Exercise data >>
----------

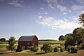 A pastoral farm scene near Traverse City, Michigan, with a classic American red barn
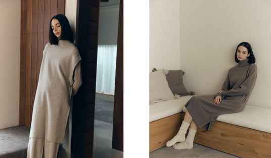 カシミヤ素材を使用した贅沢なウェアリングシリーズは柔らかさ、暖かさはもちろん軽さが特徴です。今年のコレクションはロングワンピースやセットアップで着用できるアイテムもあり、全身カシミヤ素材の贅沢感のあるスタイリングが楽しめます。
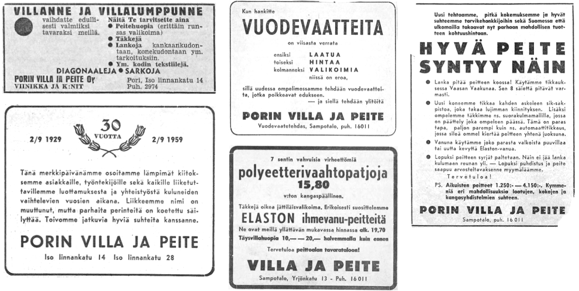 Sinne polkaistiin tekstiilitehdas. Siellä saksalaiset koneet ja porilaiset ihmiset tikkasivat täkkejä ja repivät nöyhtäistä flokkia patjojen täytteeksi. Ilma pöllysi. Ja nimikin vaihdettiin. Syntyi Porin Villa ja Peite.

----------

Work order >> Apart from the pictures, repeat the data above exactly.

Exercise result >>
 A pastoral farm scene near Traverse City, Michigan, with a classic American red barn
 カシミヤ素材を使用した贅沢なウェアリングシリーズは柔らかさ、暖かさはもちろん軽さが特徴です。今年のコレクションはロングワンピースやセットアップで着用できるアイテムもあり、全身カシミヤ素材の贅沢感のあるスタイリングが楽しめます。
 Sinne polkaistiin tekstiilitehdas. Siellä saksalaiset koneet ja porilaiset ihmiset tikkasivat täkkejä ja repivät nöyhtäistä flokkia patjojen täytteeksi. Ilma pöllysi. Ja nimikin vaihdettiin. Syntyi Porin Villa ja Peite.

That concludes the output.